What should you transcribe? Every line from the top of the records below through the line with "Pit-Stat Tablet 1mg", exactly, and no pictures.
#### Records provided
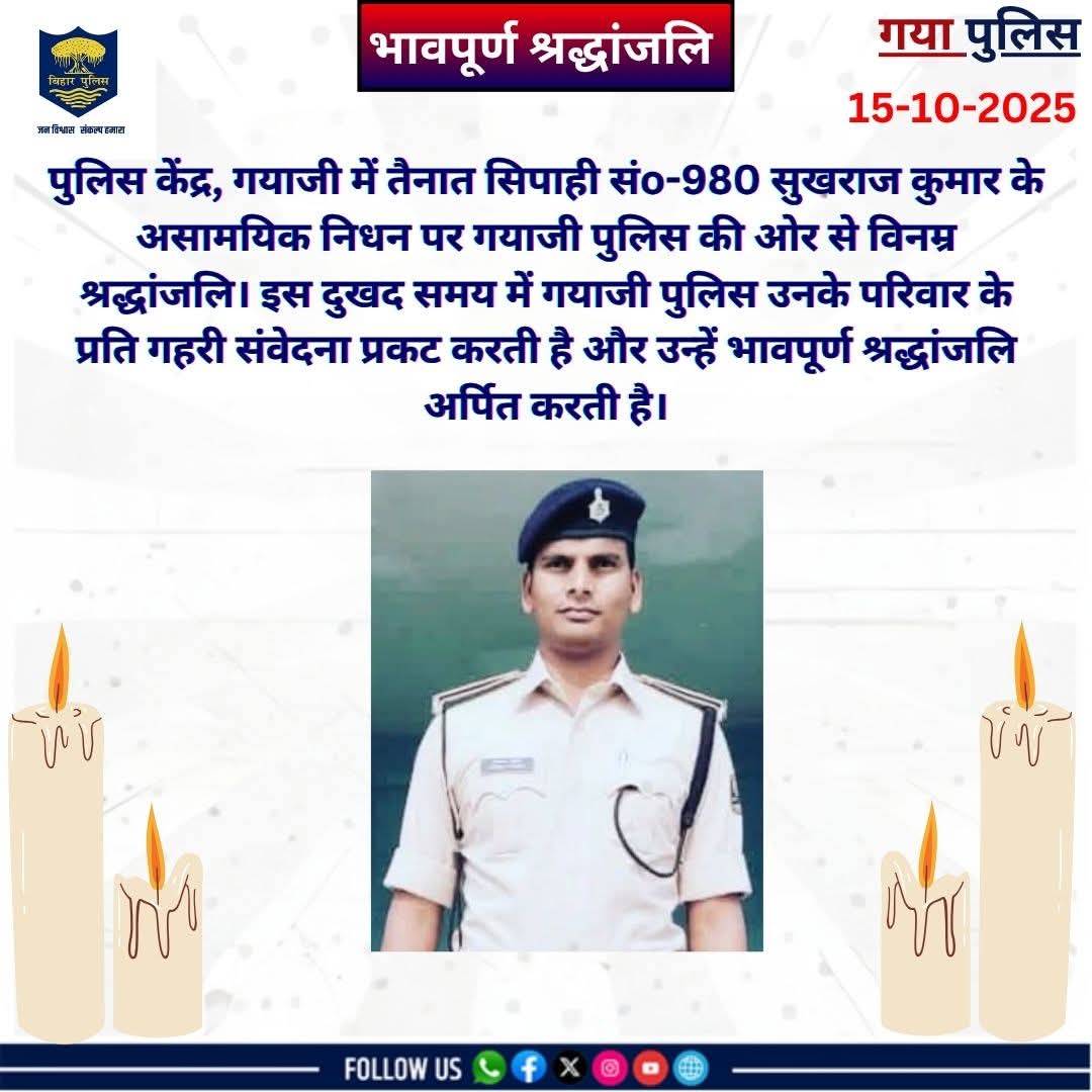 गयाजी, पुलिस केंद्र में तैनात सिपाही संख्या 980 सुखराज कुमार के असामयिक निधन से गयाजी पुलिस परिवार में शोक की लहर है। उनके निधन की सूचना मिलते ही पुलिस विभाग में गम का माहौल व्याप्त हो गया।
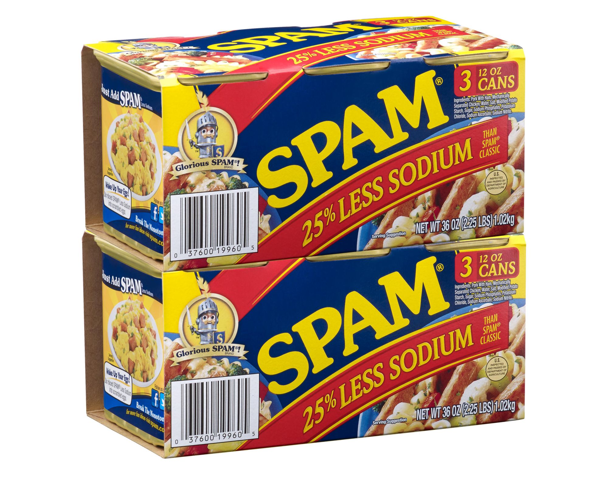 Having to cut back on sodium can take a lot of tasty things out of the equation. Fortunately, Spam Less Sodium is not one of those things. It provides the same delicious Spam Classic flavor with 25% less sodium. There’s no sacrifice with this meat treat. Product Features: Great sliced, diced, baked or fried The taste that started it all back in 1937 More than 75 years in the marketplace Spam is the tasty, high-quality kitchen staple known and loved world wide Fully-cooked, and made of 100% percent pure pork and ham Distinct savory and salty-sweet taste Includes six 12-oz. cans (Model 19960) Product Warnings and Restrictions: Made in a bakery that may contain milk and tree nuts.
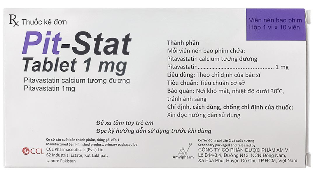 Pit-Stat Tablet 1mg tác dụng giảm cholesterol toàn phần và LDL-C (1 vỉ x 10 viên)
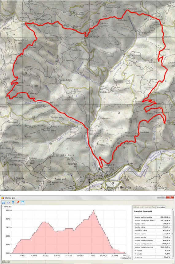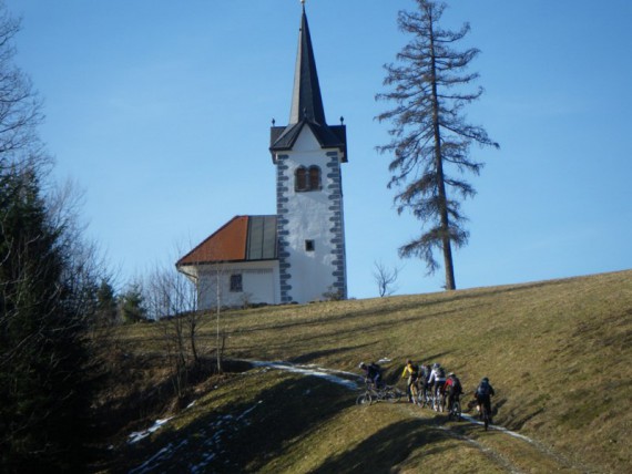 Jože Rovan, sobota, 31. marec 2012, ob 9.40 uri Opravljen še četrti predogled, našli smo še eno lepo varianto poti, ki pomeni manj asfalta in dodaten spust, za katerega pa se bo treba še malce potruditi navzgor. Zgoraj vrisana trasa je osnovna smer ture, primerna za vsakogar, če le ima dovolj volje za poganjanje (oz. hojo) v breg. Spusti so zmerni, lahko ste brez skrbi. Ker pa si nekateri zagotovo želite zahtevnejših spustov, se boste takšni lahko dvakrat ločili od osnovne smeri in si dali duška. Če le ne bo dež preveč razmočil podlage. Kaj je že to dež? Hja, za soncem pride dež, takrat ko je to najmanj treba. Lani spomladi smo imeli srečo, sonce se je smejalo ves dan, zbralo se nas je skoraj štirideset. Tudi jeseni ni bilo dežja, saj je snežilo . Toda tistih dvanajst, ki se niso ustrašili vremena, so rekli, da je bilo prav fajn. Držimo pesti za lepo vreme
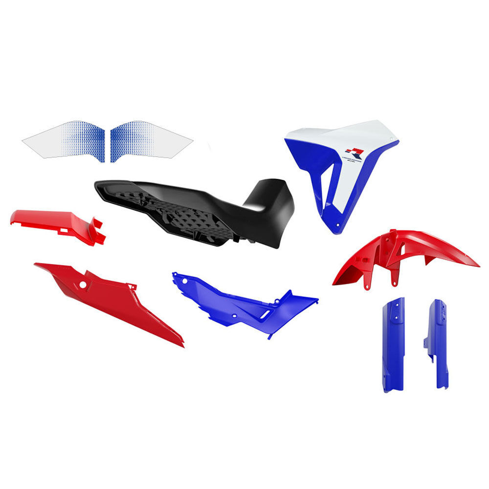 Includes Front fender/Rear fender/Radiator scoops/Central side panels/Rear side panels/Fork protectors/Complete seat
########
▶ [Written reply]
 गयाजी, पुलिस केंद्र में तैनात सिपाही संख्या 980 सुखराज कुमार के असामयिक निधन से गयाजी पुलिस परिवार में शोक की लहर है। उनके निधन की सूचना मिलते ही पुलिस विभाग में गम का माहौल व्याप्त हो गया।
 Having to cut back on sodium can take a lot of tasty things out of the equation. Fortunately, Spam Less Sodium is not one of those things. It provides the same delicious Spam Classic flavor with 25% less sodium. There’s no sacrifice with this meat treat. Product Features: Great sliced, diced, baked or fried The taste that started it all back in 1937 More than 75 years in the marketplace Spam is the tasty, high-quality kitchen staple known and loved world wide Fully-cooked, and made of 100% percent pure pork and ham Distinct savory and salty-sweet taste Includes six 12-oz. cans (Model 19960) Product Warnings and Restrictions: Made in a bakery that may contain milk and tree nuts.
 Pit-Stat Tablet 1mg tác dụng giảm cholesterol toàn phần và LDL-C (1 vỉ x 10 viên)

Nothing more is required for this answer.